Services Global Viewpoint – November 2020
Provenance Of Time

Timing is one of the most critical aspects of broadcast television and we must take it seriously due to the massive impact it has on every transmission. With this in mind, it’s not surprising that engineers insist on small and responsible progressive technology steps.
Every so often, the broadcast industry gets sideswiped by a massive change in technology. We had the introduction of SDI, then progression to MPEG, widescreen, HD, 4K, and now IP, all in the space of just thirty years. But throughout all these changes, one common denominator monopolizes our thinking, that is, timing and synchronization.
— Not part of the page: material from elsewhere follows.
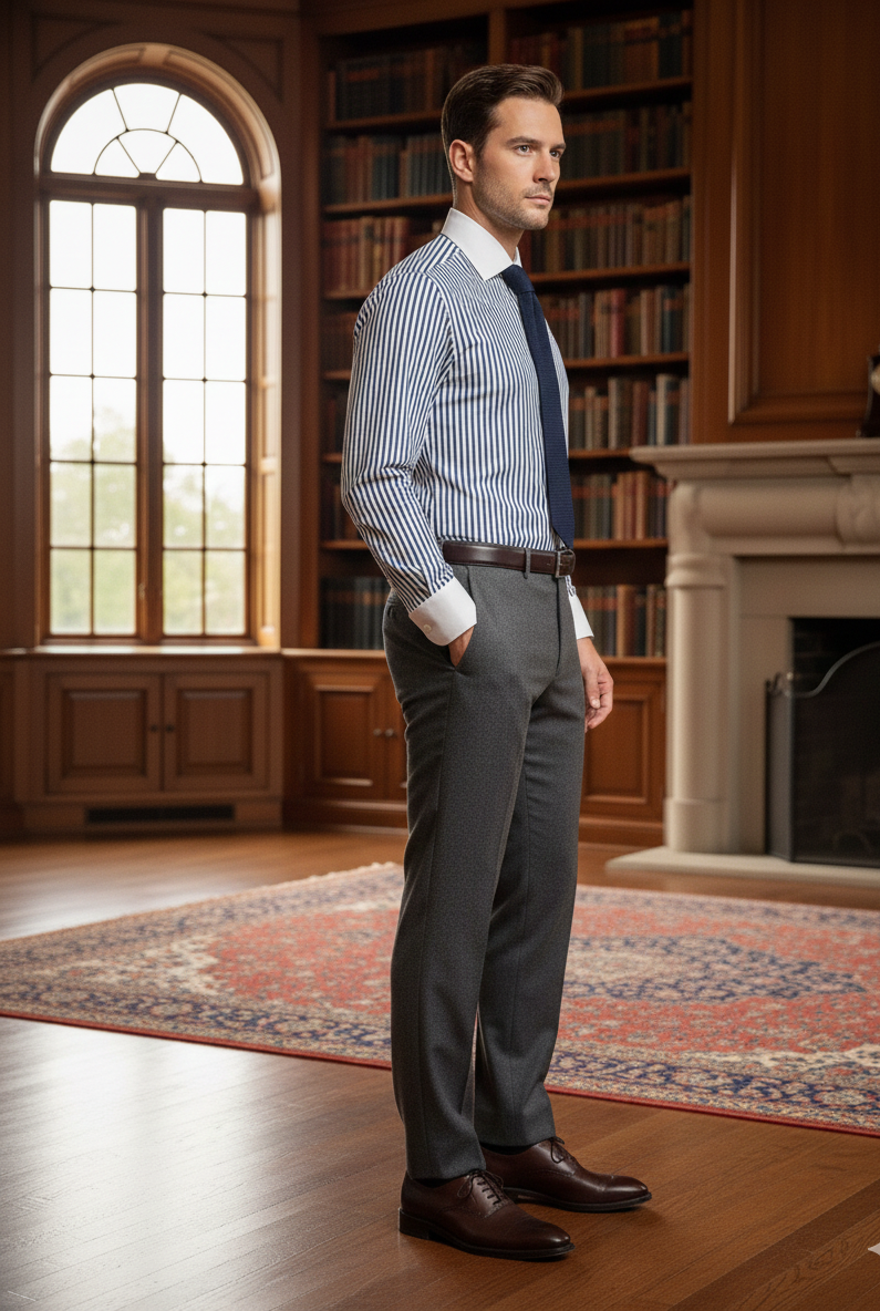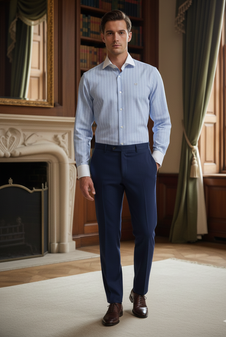 At Whiskey Neat, we celebrate the art of refined living—thoughtfully blending heritage aesthetics with modern tailoring. The White Collar Stripe Shirt embodies this ethos in every detail, from its bold design to its impeccable cut.

If we could start television all over again then we do things much differently. For example, light-field cameras completely dispense with video frames giving us an easier ride when migrating to asynchronous IP, and object and binaural audio would be a given. However, the need to maintain backwards compatibility for our viewers has demanded that we take small progressive steps in our adoption of new technologies.
More fundamentally, the same is true for broadcasters. Even greenfield sites wanting to take gigantic leaps of faith often find they have to make small intermediate transitions as new products are being developed. And engineers upgrading existing facilities always need to keep one eye on integration as well as backwards compatibility.
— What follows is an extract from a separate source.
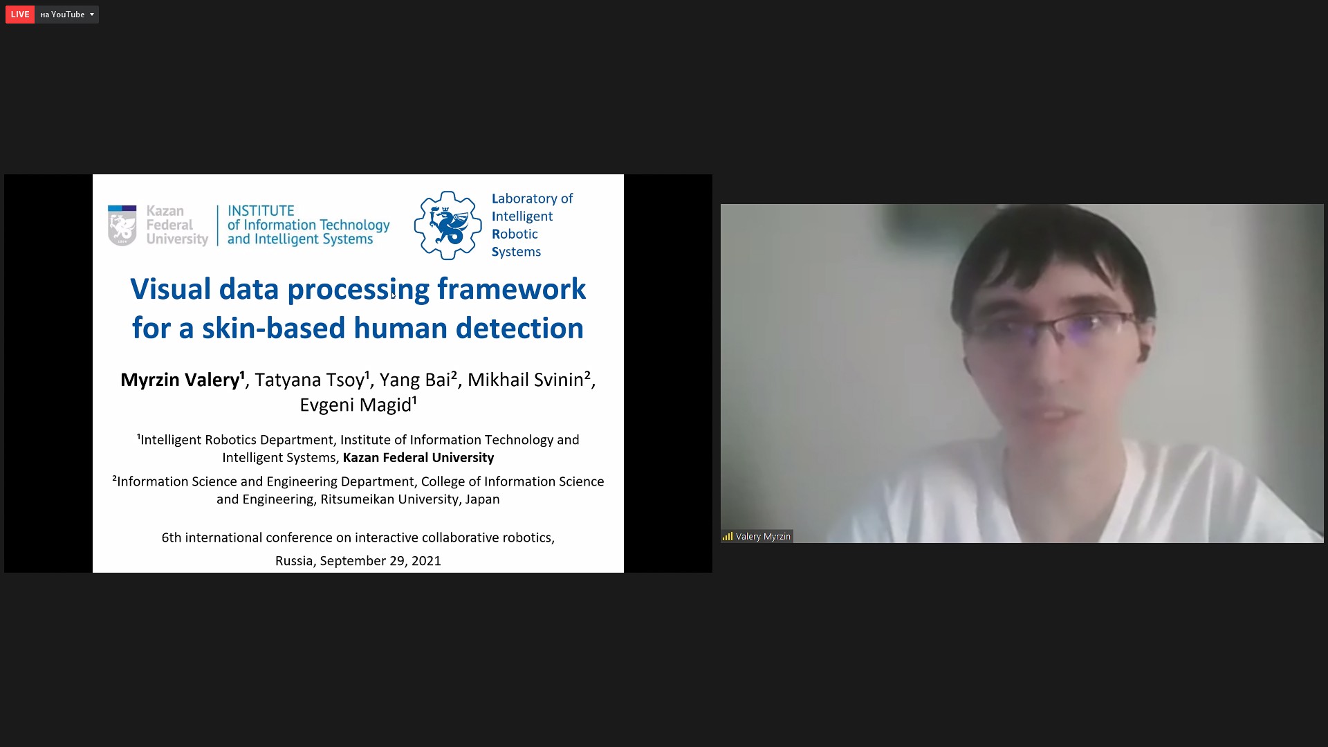 «Visual Data Processing Framework for a Skin-Based Human Detection». Authors: Valery Myrzin, Research Associate Tatyana Tsoy, Yang Bai, (Ritsumeikan University, Japan) Mikhail Svinin (Ritsumeikan University, Japan) and Professor Evgeni Magid.

Commencing with the design of the timing plane is often where most engineers start. Our historical legacy of synchronous video and audio requires us to always think about how the timing will work and how it affects transmissions to give viewers the best quality of experience possible.
Even with IP we have to constantly consider timing as we are fundamentally distributing synchronous and time invariant audio and video samples over an asynchronous network.
Although there are many debates emerging about latency specifications, the critical aspect of latency is that it should be fixed and determinate. Variable latency helps nobody.
PTP v1 is nearly 20 years old. Version 2 was issued in 2008 and version 2.1 has just been released, demonstrating it has a great provenance (at least in modern technology timelines). Although PTP could be improved, I’m a great fan of it because it is stable, has a specification that is easily accessible, and is widely used in other industries.
To help migration to IP I think it’s important to separate our concept of time from that of latency and to think of broadcast television as a sequence of events. As I see it, time is an absolute sequential point when an event occurs with predictable measure, but latency is an inherent delay that cannot be avoided, but it can be and should be accurately calculable.
It’s a given that we must use credible time sources as this provides the source of truth for our time events. I’m more than open to considering other time systems but at this moment PTP is an industry standard that meets our required accuracy and has a specification that is easily accessible to anybody in the broadcast community.
In my view, what does have to change is our attitude to latency. If we start treating video and audio as predictable events, then we can accept latency and work with it within a fixed practical tolerance that can be embraced, and not a random variable to be feared.